Structure-based biosecurity screening for AI-designed proteins.
Current DNA synthesis screening tools compare sequences against databases of known pathogens using sequence homology. AI protein design tools (RFdiffusion, ProteinMPNN) can now generate novel sequences that fold into the same 3D structure as known toxins while sharing near-zero sequence similarity — over 75% of these bypass conventional screening (Wittmann et al., Science 2025).
BioScreen has two components: (1) per-sequence screening that evaluates what a protein does, not what it looks like, using 3D structure prediction, active-site geometry, and functional annotation; and (2) session/behavioral monitoring that tracks queries across a session to detect convergent optimization — someone iterating toward a dangerous structure even if each individual query looks benign.
Amino Acid Sequence
│
├──→ ESM-2 Embedding ──→ FAISS cosine sim vs toxin DB ──→ Embedding Risk Score
│
├──→ ESMFold (3D structure) ──→ Foldseek structural alignment ──→ Structure Risk Score
│
└──→ Function Prediction (GO terms / EC numbers) ──→ Function Risk Score
│
└──→ Combined Risk Assessment (0–1)
Fast path (~seconds, CPU): ESM-2 embeddings → cosine similarity against pre-computed toxin database.

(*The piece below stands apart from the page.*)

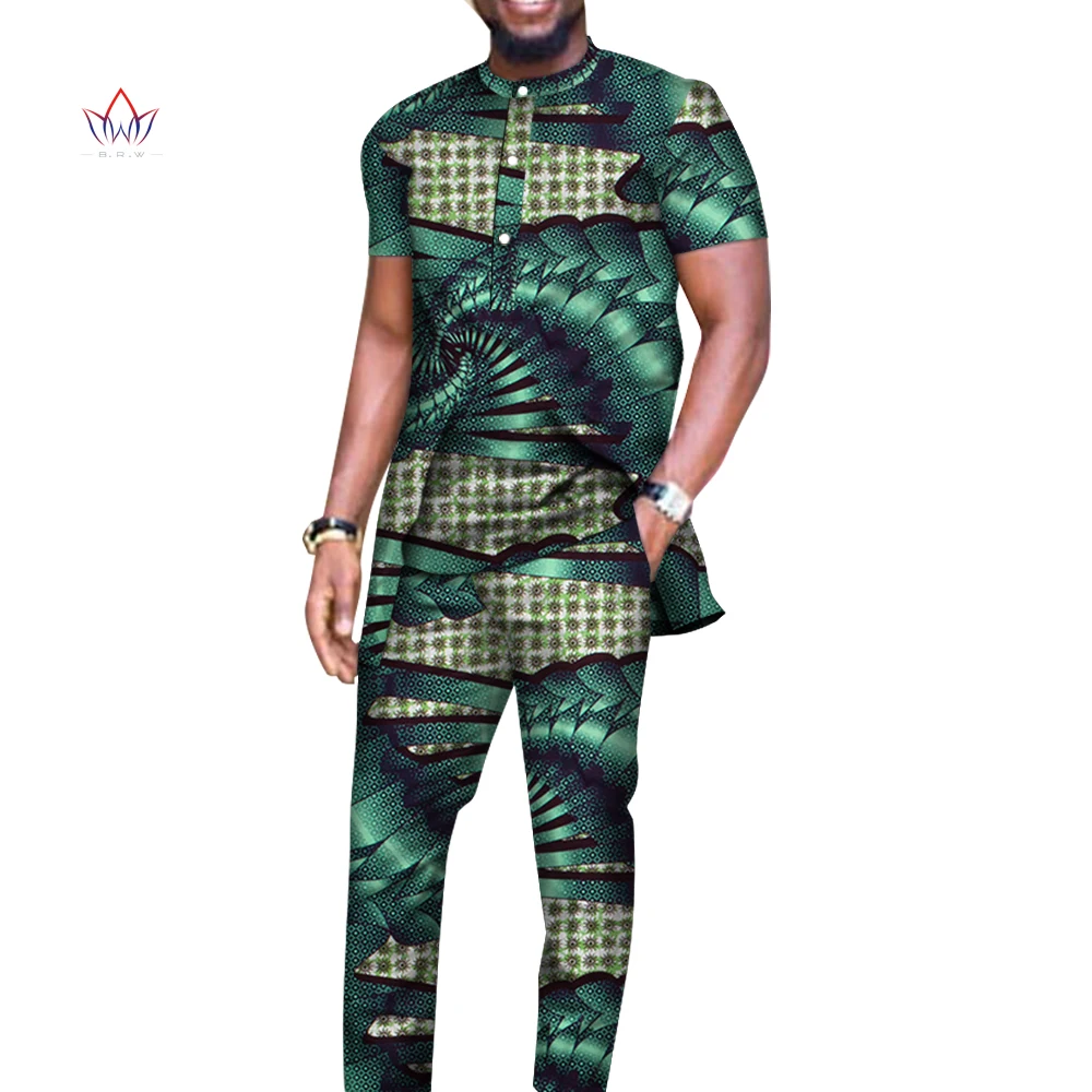 Bazin богатые мужские комплекты из 2 предметов, африканский дизайн одежды, африканская одежда, повседневные мужские комплекты с длинным топом и брюками WYN514
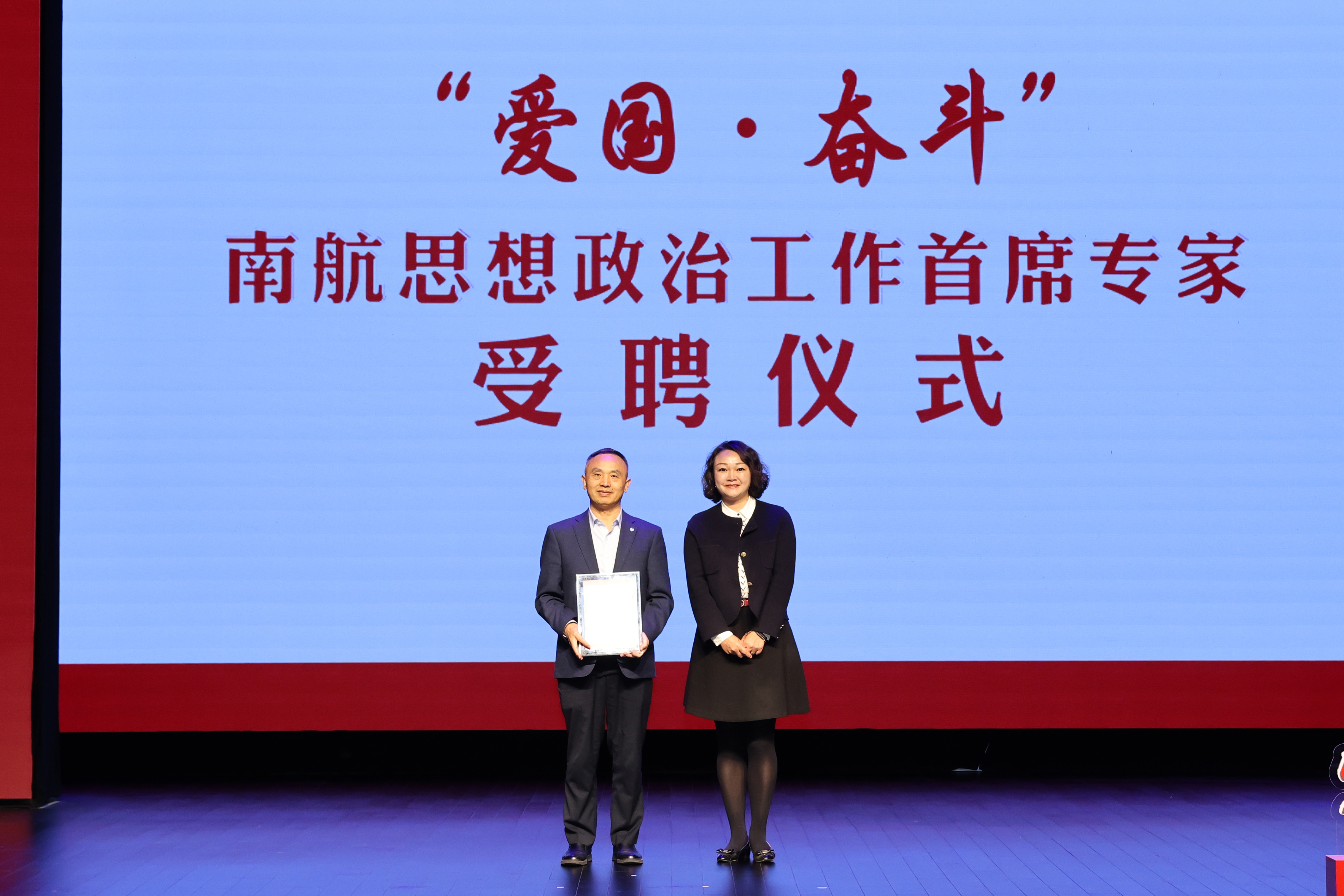 聘任仪式上,徐朝梁受聘为“爱国·奋斗”南京航空航天大学思想政治工作首席专家。

Full path (~15s, GPU): Adds ESMFold structure prediction → Foldseek structural search → function prediction.
Incoming Queries (per session)
│
├──→ Fingerprint (ESM-2 embedding + sequence hash)
│ │
│ └──→ Sliding-window session store (keyed by session/client ID)
│
├──→ Convergent Optimization Detection
│ └──→ Pairwise cosine sim across rolling window
│ → flag when mean similarity climbs above threshold across ≥N queries
│
├──→ Multi-Provider Perturbation Detection
│ └──→ Flag near-identical queries (cosine sim > 0.95 + low edit distance)
│
└──→ Anomaly Score (0–1)
└──→ 0.6 × convergence + 0.4 × perturbation
Detects patterns that per-sequence screening misses:
- Convergent optimization — a user iterating toward a toxin structure across multiple queries, even when no single query is flagged
- Multi-provider probing — near-identical sequences with slight perturbations submitted within a time window, suggesting attempts to probe screening thresholds
- Anomaly scoring — cosine similarity of embeddings in a rolling window + edit-distance clustering → simple, interpretable, and demo-ready
- Structure Prediction: ESMFold via NVIDIA NIM API (or local HuggingFace)
- Embeddings: ESM-2 (
facebook/esm2_t33_650M_UR50D) - Structural Search: Foldseek (3Di alphabet, 4000× faster than TM-align)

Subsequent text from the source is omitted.